After playing with fake data, then test on real data with one resort, one date, one time.

In [315]:
len(all_selected_dates)*2*3

900

Divide `resorts` in 2 to spread out API calls over 2 diff keys/accounts to not get charged:

In [322]:
resort_keys = list(resorts.items())
resorts1 = resort_keys[:4]
resorts2 = resort_keys[4:]
resorts1

[('Mammoth Mountain', 'Northern California'),
 ('Sierra-at-Tahoe', 'Northern California'),
 ('Copper Mountain', 'Rockies'),
 ('Snowbird', 'Rockies')]

In [325]:
# first batch of resorts

mega_list1 = []

for resort, region in resorts1:
    print(f"Starting {resort}...\n")

    # get the geographical coordinates
    print(f"Getting coordinates and time zone...\n")
    latitude, longitude, timezone_name = get_coordinates_tz(resort=resort)

    # this was me playing with fake data to test this chunk w/o wasting API calls
    # latitude, longitude, timezone_name = random.randint(-90,90), random.randint(-180,180), random.choice(['America/Los_Angeles', 'America/Denver', 'America/Chicago', 'America/New_York'])

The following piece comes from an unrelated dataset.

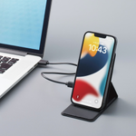 スタンドワイヤレス充電器 5W コンパクトタイプは、スタンド式のワイヤレス充電器です。フラットかつコンパクトなので持ち運びしやすく、天面を立て上げることで簡単にスタンドタイプになります。本体サイズは71mm×116mm×13mmです。
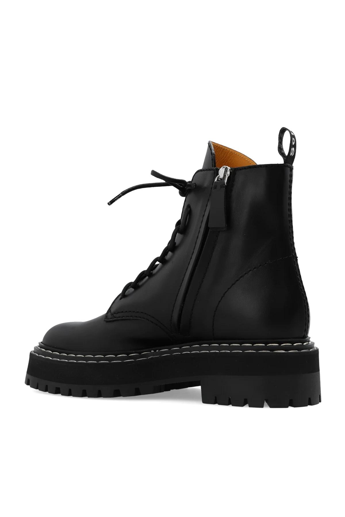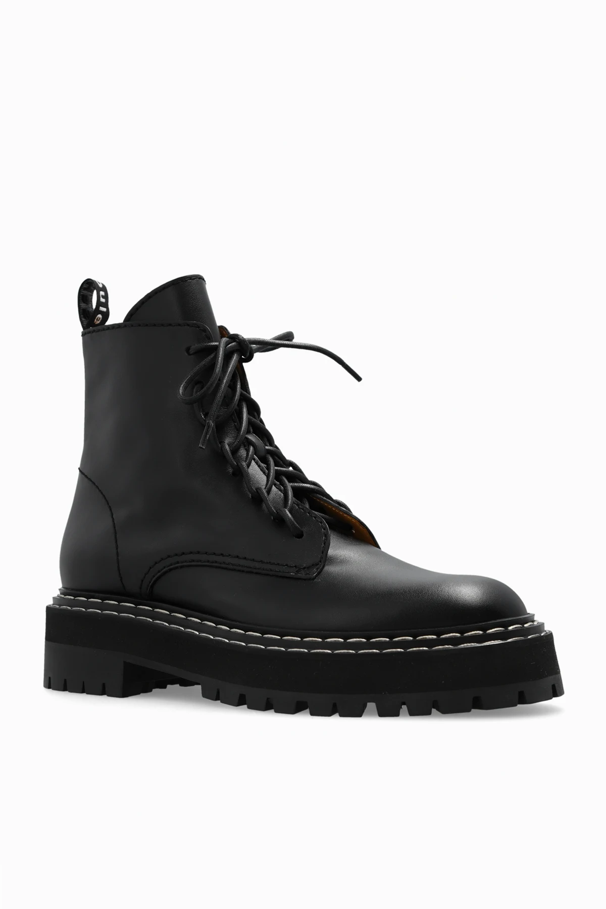 Czarne buty typu ‘combat’ Proenza Schouler. Wykonane ze skóry. Z boku zapinane na zamek. Dekoracyjnie sznurowane. Z tyłu uchwyt z logo. Przeszycia w kolorze białym. Czarna, gumowa podeszwa.

    if latitude is None and longitude is None and timezone_name is None:
        continue
    
    # cycle through the dates
    for date in all_selected_dates:
        print(f"The date is {date}")

        # check if date is before today() b/c need to call 2 different weather APIs
        if date >= dt.date.today():
            # print("Getting forecasted weather...")
            # # need to call the other API that does a 16-day forecast, then can break out of loop to not waste API calls
            # api_response = get_forecasted_weather(lat=latitude, long=longitude)

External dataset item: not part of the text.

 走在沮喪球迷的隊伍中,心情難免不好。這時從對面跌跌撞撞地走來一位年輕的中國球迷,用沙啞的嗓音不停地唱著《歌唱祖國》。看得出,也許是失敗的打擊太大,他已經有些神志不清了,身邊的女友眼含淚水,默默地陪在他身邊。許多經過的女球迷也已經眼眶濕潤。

            # # the actual weather data is located in "list" of json output
            # try:
            #     weather_json_list = api_response["list"]

            # except KeyError:
            #     print("No 'list' variable in API response.")

            # else:
            #     for i, forecasted_dict in enumerate(weather_json_list):
            #         print(f"Getting the forecasted weather for Day {i+1}...\n")
            #         row['unix_timestamp'] = forecasted_dict['dt']
            #         row['weather_forecasted'] = forecasted_dict
            #         row['weather_historical'] = ''

            #         mega_list.append(row)

            # finally:
            #     break
            continue

        else:
            # get weather for the 2 times in Unix time, UTC time zone according to location of resort
            for t in [10, 14]:
                datetime_obj = dt.datetime.combine(date, dt.time(t,30,0))
                utc_timestamp = get_utc_timestamp(datetime_obj, timezone_name)

                print(f"Getting historical weather for {date} at {t}:30...")
                weather_data = get_historical_weather(lat=latitude, long=longitude, timestamp=utc_timestamp)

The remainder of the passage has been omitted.